A condenação foi anulada num caso anterior de fraude, em que os procuradores alegaram que uma empresa de consultoria dirigida por Lai, 78 anos, ocupava um escritório para seu uso pessoal.

Os promotores disseram que isso violou os termos do contrato que o Apple Daily assinou com a empresa estatal e constituiu fraude.

Lai foi condenado a cinco anos e nove meses de prisão em 2022 por duas acusações de fraude.

O ex-executivo do Apple Daily, Wang Wai-Keung, também foi acusado no mesmo caso e preso por 21 meses.

Um juiz do tribunal de apelações escreveu em sua decisão que, embora a Apple tenha violado os termos do contrato de locação ao permitir que a Daily Printing usasse parte do espaço, ela não tinha o dever de divulgar a violação. Ele disse que mesmo que tivesse uma dívida e violasse esse dever, o mesmo não poderia ser atribuído a Lai e Wong por uma questão de lei.

Ele disse que o juiz de primeira instância “não tinha justificativa para concluir que o peticionário era responsável por ocultação”.

Nenhum dos acusados ​​compareceu ao tribunal.

O veredicto reduzirá ligeiramente o tempo total de prisão de Lai. O juiz responsável pelo caso de segurança nacional de Lai permitiu que as duas sentenças fossem cumpridas simultaneamente durante dois anos, com os outros 18 anos acrescentados após a condenação por fraude.

A longa sentença – duas acusações de conluio com forças estrangeiras e uma por publicação de material sedicioso – levantou preocupações de que ele pudesse passar o resto da vida na prisão.
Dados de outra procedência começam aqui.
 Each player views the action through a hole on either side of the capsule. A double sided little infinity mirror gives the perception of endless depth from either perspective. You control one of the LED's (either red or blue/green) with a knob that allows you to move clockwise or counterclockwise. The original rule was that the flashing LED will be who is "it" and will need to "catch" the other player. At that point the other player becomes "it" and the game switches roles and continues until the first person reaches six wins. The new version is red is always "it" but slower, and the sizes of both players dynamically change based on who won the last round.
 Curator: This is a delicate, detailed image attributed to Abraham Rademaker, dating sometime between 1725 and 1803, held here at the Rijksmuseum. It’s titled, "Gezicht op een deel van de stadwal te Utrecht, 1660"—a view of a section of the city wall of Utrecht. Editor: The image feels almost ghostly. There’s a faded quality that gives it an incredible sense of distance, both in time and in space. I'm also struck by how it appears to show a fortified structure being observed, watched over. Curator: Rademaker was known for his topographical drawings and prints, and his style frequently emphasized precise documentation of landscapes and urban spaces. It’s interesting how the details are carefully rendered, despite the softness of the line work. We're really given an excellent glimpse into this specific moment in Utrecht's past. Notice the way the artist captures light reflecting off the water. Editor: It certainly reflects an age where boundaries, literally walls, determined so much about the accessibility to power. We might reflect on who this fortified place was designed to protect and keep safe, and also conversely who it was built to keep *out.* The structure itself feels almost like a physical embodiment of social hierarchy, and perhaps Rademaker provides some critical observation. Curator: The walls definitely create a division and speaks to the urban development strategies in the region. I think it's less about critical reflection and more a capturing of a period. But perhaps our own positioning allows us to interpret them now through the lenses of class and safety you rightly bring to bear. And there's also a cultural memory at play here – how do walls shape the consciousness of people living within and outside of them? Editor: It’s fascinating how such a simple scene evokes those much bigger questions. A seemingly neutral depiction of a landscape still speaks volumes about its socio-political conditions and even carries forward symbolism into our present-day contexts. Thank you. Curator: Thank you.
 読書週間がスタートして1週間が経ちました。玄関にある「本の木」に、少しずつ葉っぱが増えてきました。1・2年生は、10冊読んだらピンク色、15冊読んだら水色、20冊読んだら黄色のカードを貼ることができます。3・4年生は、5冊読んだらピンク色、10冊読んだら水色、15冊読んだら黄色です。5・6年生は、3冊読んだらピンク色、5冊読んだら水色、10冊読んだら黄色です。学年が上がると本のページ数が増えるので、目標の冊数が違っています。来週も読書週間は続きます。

Os filhos de Lai expressaram esperança de que a visita do presidente dos Estados Unidos, Donald Trump, a Pequim ajude a garantir a libertação do seu pai, um cidadão britânico. A Casa Branca confirmou que Trump viajará à China de 31 de março a 2 de abril para se encontrar com o líder chinês Xi Jinping.

A secretária de Relações Exteriores do Reino Unido, Yvette Cooper, disse que Lai foi condenada por exercer o seu direito à liberdade de expressão e apelou às autoridades de Hong Kong para que a libertassem por razões humanitárias.

As autoridades chinesas e de Hong Kong defenderam a condenação de Lai no caso de segurança nacional, dizendo que reflecte o espírito do Estado de direito. Ele insistiu que a lei de segurança era necessária para a estabilidade da cidade.

Numa decisão separada na quinta-feira, um tribunal de Hong Kong condenou o pai de um ativista pró-democracia procurado pela lei de segurança nacional da cidade a oito meses de prisão por tentar recuperar dinheiro pertencente a um “fugitivo”.

Kwok Yin-sang, 69 anos, foi considerado culpado em 11 de fevereiro de “tentativa de negociar direta ou indiretamente com quaisquer fundos ou outros ativos financeiros ou recursos financeiros” depois de tentar rescindir a apólice de seguro de sua filha Anna Kwok e retirar o dinheiro.

Ele foi a primeira pessoa na cidade a ser acusada e condenada pelo crime.

Ele se declarou inocente e não testemunhou no julgamento.